▶ Task item: Each entry below is to be reproduced exactly, though any pictures it holds must be omitted.

▶ Supplied entries:
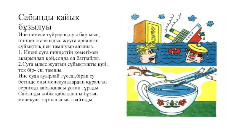 Сабынды қайық бұзылуы Ине немесе түйреуіш,суы бар кесе,пинцет және ыдыс жууға арналған сұйықтық пен тамшуыр алыныз. 1. Инені суға пинцеттің көмегімен ақырындап қой,сонда ол батпайды. 2.Суға ыдыс жуатын сұйықтықты құй ,тек бір- екі тамшы. Ине суда
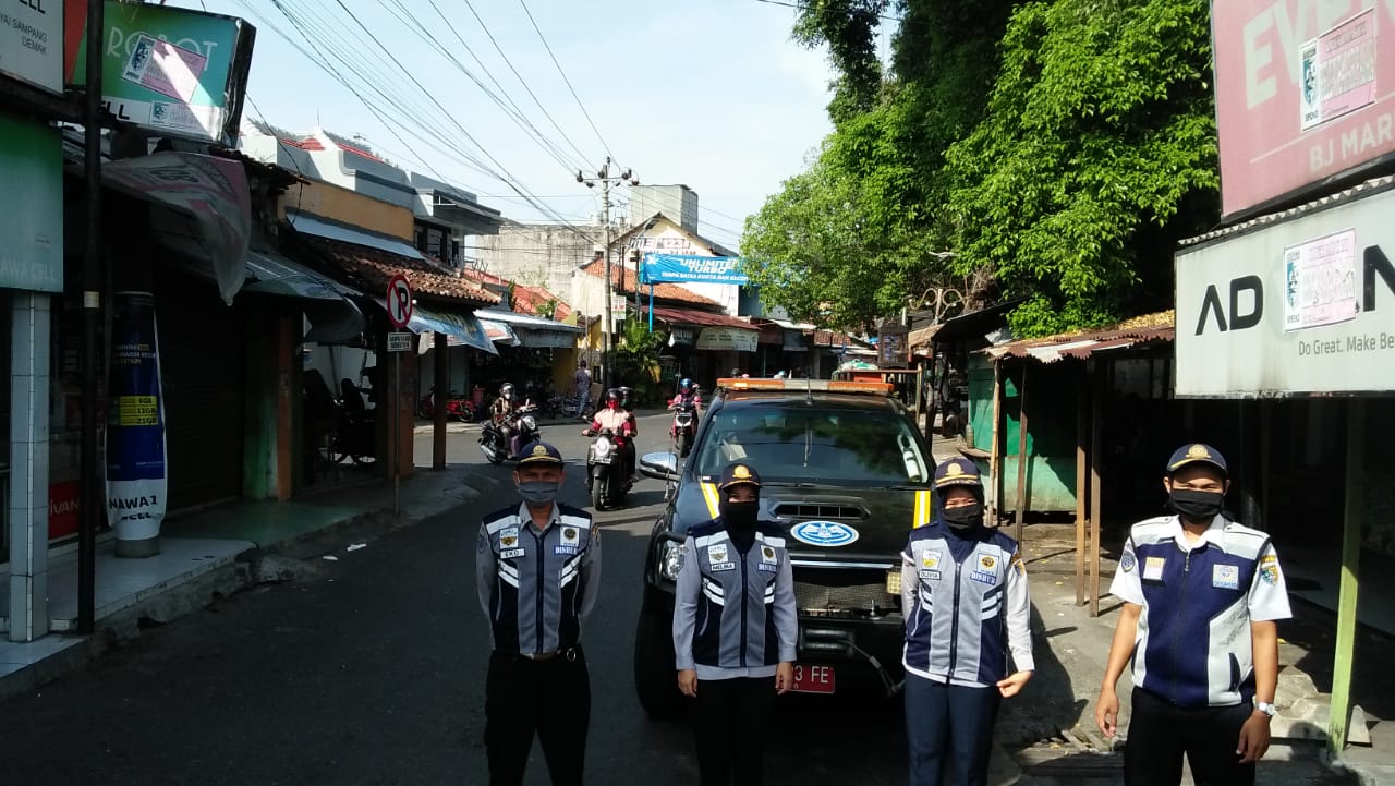 Petugas Dinas Perhubungan Kab. demak melaksanakan giat pengawasan dan pengendalian Jalur Sistem Satu Arah di kawasan Sampangan Demak, (Jum’at 24/7/20).
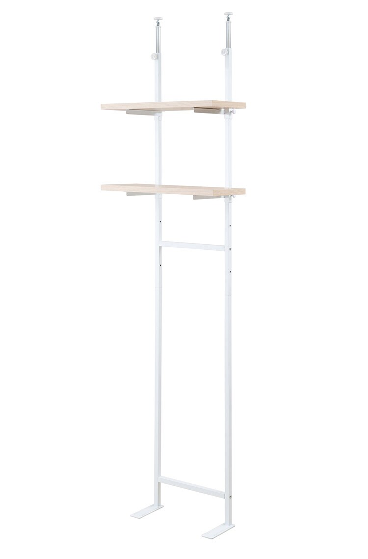 突っ張り壁面収納 無段階調整2枚棚オープンラック 幅59.5cm マリンナチュラル 壁面ラック 棚 つっぱり 薄型 収納 ディスプレイラック 店舗 新生活 カフェ サロン 一人暮らし diy 北欧【送料無料】
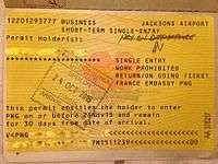 - ↑ Transit stamp. No exit stamp is issued for transit visas.
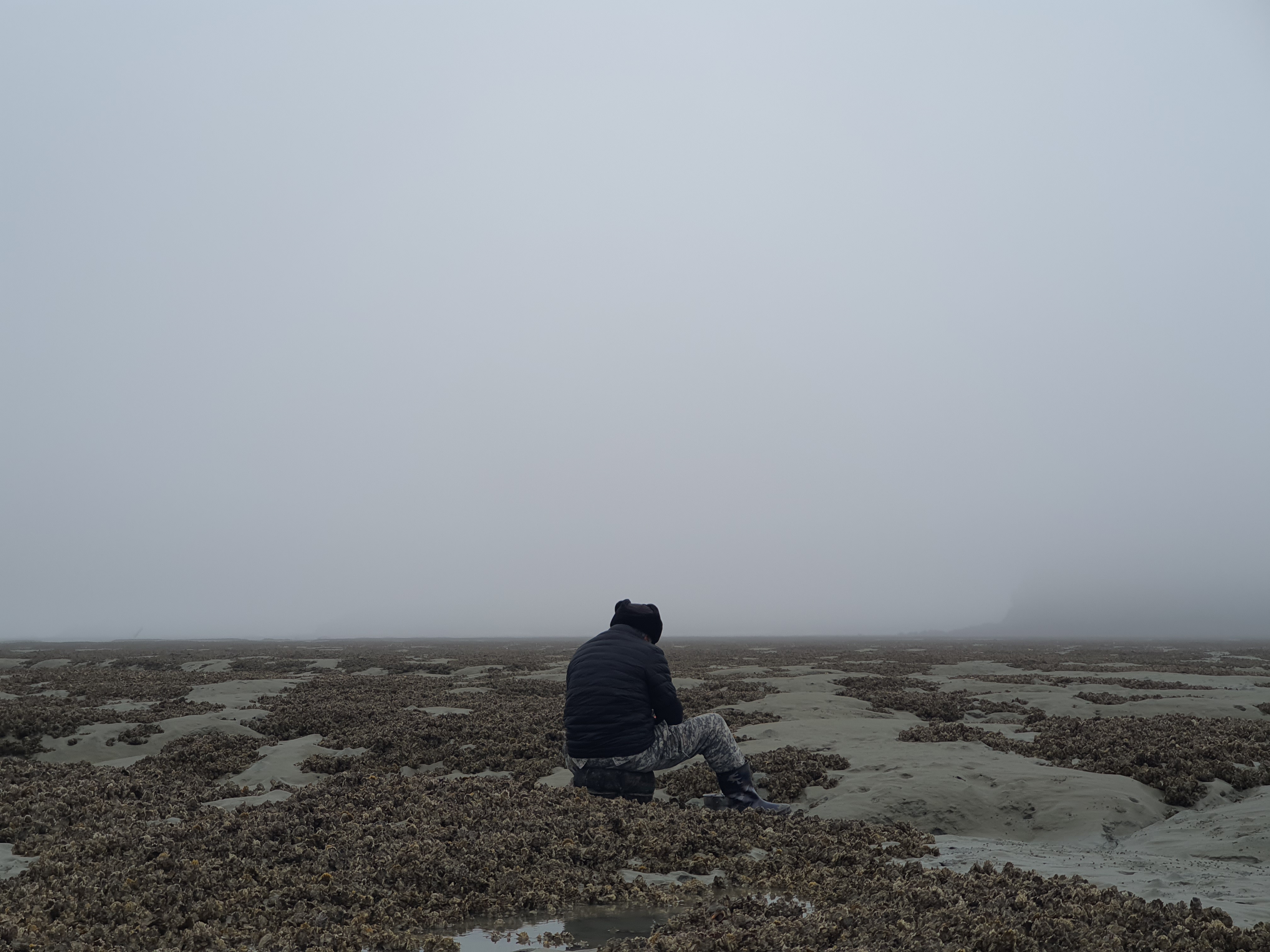 굴따는 신순규 어부와 안개
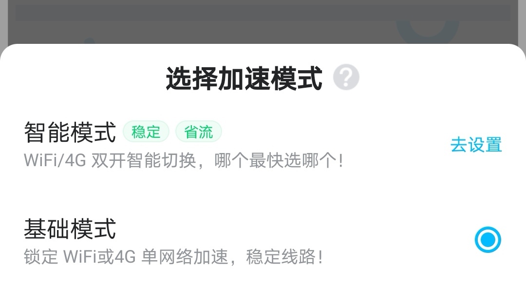 區(qū)別于市面上其他加速器,這款加速器操作界面非常簡潔,貼心設計了雙模式:基礎(chǔ)模式&智能模式,基礎(chǔ)模式會固定WiFi/流量單網(wǎng)絡加速,避免誤開流量產(chǎn)生大量費用;智能模式則是在WiFi和4G間動態(tài)切換,自動選擇更優(yōu)項確保流暢性。
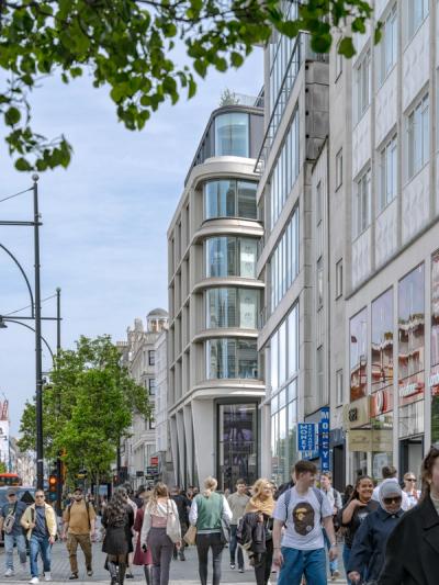 Optimising opportunity Our work at The Burlian demonstrates how unloved assets in prime locations – such as London’s West End – can be repositioned to attract new tenants without undue cost to the environment. The site is at the corner of two famous retail thoroughfares – Oxford Street and higher-end, smaller-scale New Bond Street. With an awkward L-shaped site and an existing 1970s building, we set out to optimise the retail while finding a distinctive identity for the boutique offices above – which are now positioned for fintech or legal tenants.
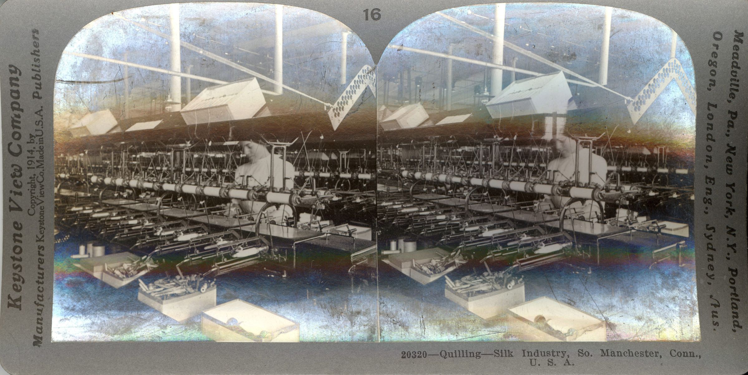 Stereograph of a worker at a quilling station. Quilling is the process of winding the silk thread onto the shuttle bobbins, commonly called quills, to be used on the loom. Taken at Cheney Brothers silk mills in South Manchester, CT 1914. Black and white print on cardboard. Card is warped. Unknown photographer. Studio: Keystone View Company, Meadville, PA. Serial #20303Photograph Details
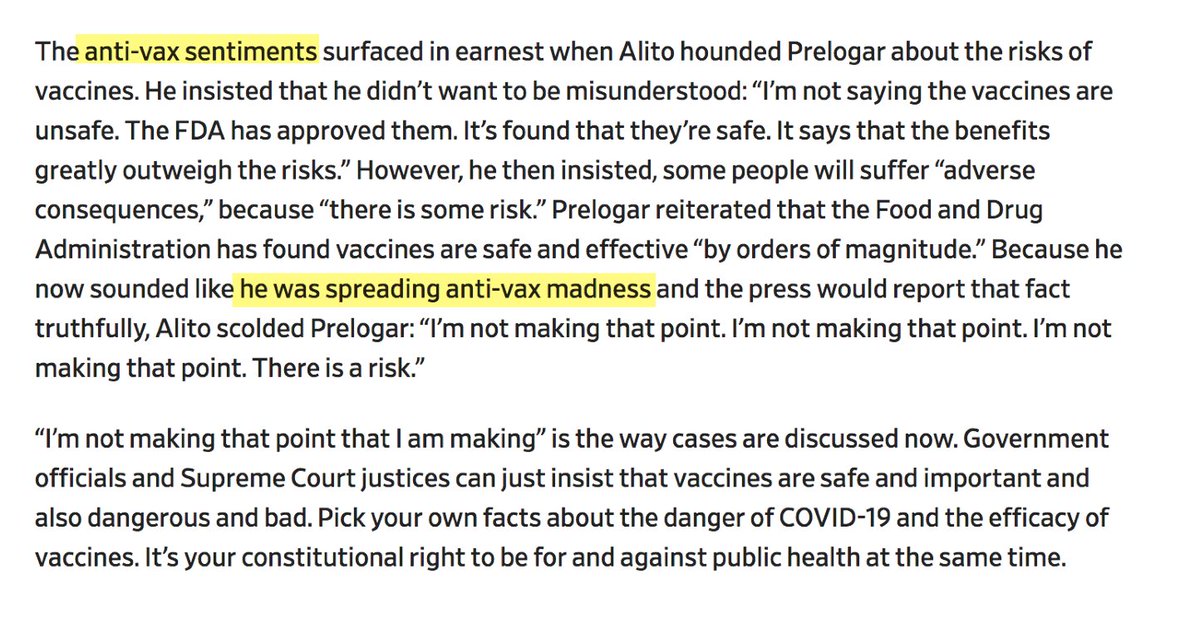 Alito couldn't have been more clear: he wasn't making any kind of "anti-vax" point, he was establishing that OSHA has never before imposed a regulation on workers that inflicts some risk of adverse health effects, however remote. But of course gets smeared as "anti-vax" anyway
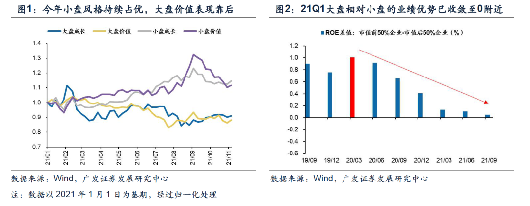 今年的风格轮动带给我们什么启示?我们自今年2月提出“市值下沉”以来,小盘风格整体占优,大盘表现较为落后。除了“市场微观结构恶化”给我们带来的信号意义以外,小盘股与大盘股之间的“相对业绩优势”是主导今年风格切换的核心:我们将A股非金融市值规模前50%的个股视作大盘股,后50%的个股作为小盘股,采用整体法计算两个股票集合的ROE,并通过差值来反映大小盘股的相对业绩优势。实际上,2020年2季度开始,大盘相对于小盘的业绩比较优势已经开始收敛,2021年则进一步回落,最新的三季报数据显示两者的差值已处于0附近。因此今年以来,小盘股业绩弹性更高、增长更快,相对大盘股的业绩有比较优势,是驱动本轮风格切换的关键。
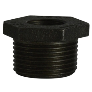 MIDLAND INDUSTRIES Double-Tapped Inside Hex Bushing, Connection Type 1: NPT, Gender 1: Male, Connection Size 1: 2 in, Connection Type 2: NPT, Gender 2: Female, Connection Size 2: 1 in, Hex Size: 1.77 in, 150 lb, Material Construction: Malleable Iron, Black, Dimensions: 1.77 in L, Dimension Standards: ANSI B16.3, ANSI B2.1 or BS 21, ASME B1.20.1, -20 to 350 deg F
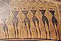 Since this amphora was reconstructed, we only get to see the decorative patterns that range from triangles to meanders on the vase's neck. Meanders are Greek key patterns that are a continuous line that folds back and forth that mimics the ancient Maeander River of Asia Minor.[13] It is 26 inches (66 cm) tall and 9 inches (23 cm) wide.[14] This amphora is seen as a clear example of the Geometric period and style.
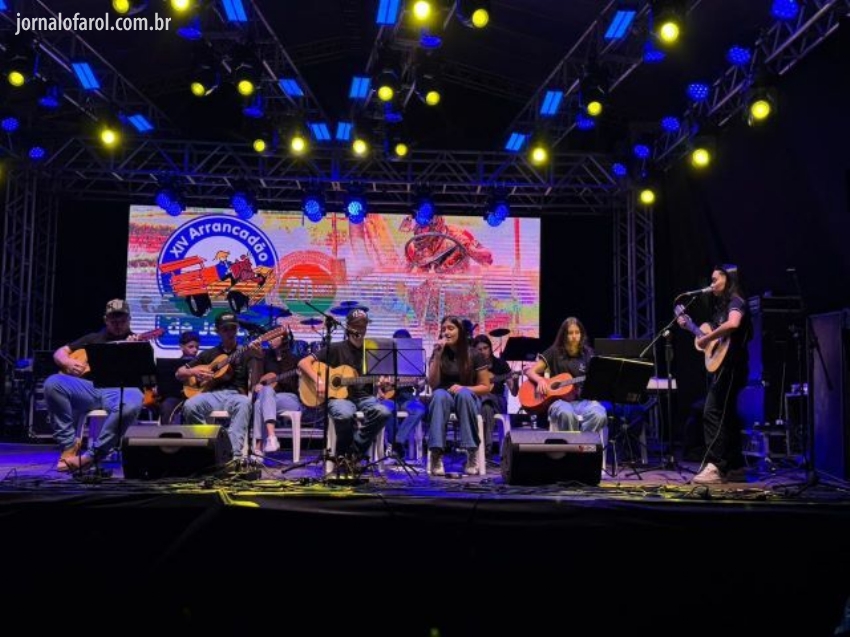 A apresentação, conduzida pela professora Eloísa Darla Grotto, reuniu crianças, jovens e adultos em um espetáculo que celebrou a diversidade musical. Além dos violeiros, o grupo contou com a participação da professora de teclado e dos alunos de vocal e bateria, ampliando a riqueza sonora e proporcionando uma experiência completa ao público presente.

▶ Exercise output:
 Сабынды қайық бұзылуы Ине немесе түйреуіш,суы бар кесе,пинцет және ыдыс жууға арналған сұйықтық пен тамшуыр алыныз. 1. Инені суға пинцеттің көмегімен ақырындап қой,сонда ол батпайды. 2.Суға ыдыс жуатын сұйықтықты құй ,тек бір- екі тамшы. Ине суда
 Petugas Dinas Perhubungan Kab. demak melaksanakan giat pengawasan dan pengendalian Jalur Sistem Satu Arah di kawasan Sampangan Demak, (Jum’at 24/7/20).
 突っ張り壁面収納 無段階調整2枚棚オープンラック 幅59.5cm マリンナチュラル 壁面ラック 棚 つっぱり 薄型 収納 ディスプレイラック 店舗 新生活 カフェ サロン 一人暮らし diy 北欧【送料無料】
 - ↑ Transit stamp. No exit stamp is issued for transit visas.
 굴따는 신순규 어부와 안개
 區(qū)別于市面上其他加速器,這款加速器操作界面非常簡潔,貼心設計了雙模式:基礎(chǔ)模式&智能模式,基礎(chǔ)模式會固定WiFi/流量單網(wǎng)絡加速,避免誤開流量產(chǎn)生大量費用;智能模式則是在WiFi和4G間動態(tài)切換,自動選擇更優(yōu)項確保流暢性。
 Optimising opportunity Our work at The Burlian demonstrates how unloved assets in prime locations – such as London’s West End – can be repositioned to attract new tenants without undue cost to the environment. The site is at the corner of two famous retail thoroughfares – Oxford Street and higher-end, smaller-scale New Bond Street. With an awkward L-shaped site and an existing 1970s building, we set out to optimise the retail while finding a distinctive identity for the boutique offices above – which are now positioned for fintech or legal tenants.
 Stereograph of a worker at a quilling station. Quilling is the process of winding the silk thread onto the shuttle bobbins, commonly called quills, to be used on the loom. Taken at Cheney Brothers silk mills in South Manchester, CT 1914. Black and white print on cardboard. Card is warped. Unknown photographer. Studio: Keystone View Company, Meadville, PA. Serial #20303Photograph Details
 Alito couldn't have been more clear: he wasn't making any kind of "anti-vax" point, he was establishing that OSHA has never before imposed a regulation on workers that inflicts some risk of adverse health effects, however remote. But of course gets smeared as "anti-vax" anyway
 今年的风格轮动带给我们什么启示?我们自今年2月提出“市值下沉”以来,小盘风格整体占优,大盘表现较为落后。除了“市场微观结构恶化”给我们带来的信号意义以外,小盘股与大盘股之间的“相对业绩优势”是主导今年风格切换的核心:我们将A股非金融市值规模前50%的个股视作大盘股,后50%的个股作为小盘股,采用整体法计算两个股票集合的ROE,并通过差值来反映大小盘股的相对业绩优势。实际上,2020年2季度开始,大盘相对于小盘的业绩比较优势已经开始收敛,2021年则进一步回落,最新的三季报数据显示两者的差值已处于0附近。因此今年以来,小盘股业绩弹性更高、增长更快,相对大盘股的业绩有比较优势,是驱动本轮风格切换的关键。
 MIDLAND INDUSTRIES Double-Tapped Inside Hex Bushing, Connection Type 1: NPT, Gender 1: Male, Connection Size 1: 2 in, Connection Type 2: NPT, Gender 2: Female, Connection Size 2: 1 in, Hex Size: 1.77 in, 150 lb, Material Construction: Malleable Iron, Black, Dimensions: 1.77 in L, Dimension Standards: ANSI B16.3, ANSI B2.1 or BS 21, ASME B1.20.1, -20 to 350 deg F
 Since this amphora was reconstructed, we only get to see the decorative patterns that range from triangles to meanders on the vase's neck. Meanders are Greek key patterns that are a continuous line that folds back and forth that mimics the ancient Maeander River of Asia Minor.[13] It is 26 inches (66 cm) tall and 9 inches (23 cm) wide.[14] This amphora is seen as a clear example of the Geometric period and style.
 A apresentação, conduzida pela professora Eloísa Darla Grotto, reuniu crianças, jovens e adultos em um espetáculo que celebrou a diversidade musical. Além dos violeiros, o grupo contou com a participação da professora de teclado e dos alunos de vocal e bateria, ampliando a riqueza sonora e proporcionando uma experiência completa ao público presente.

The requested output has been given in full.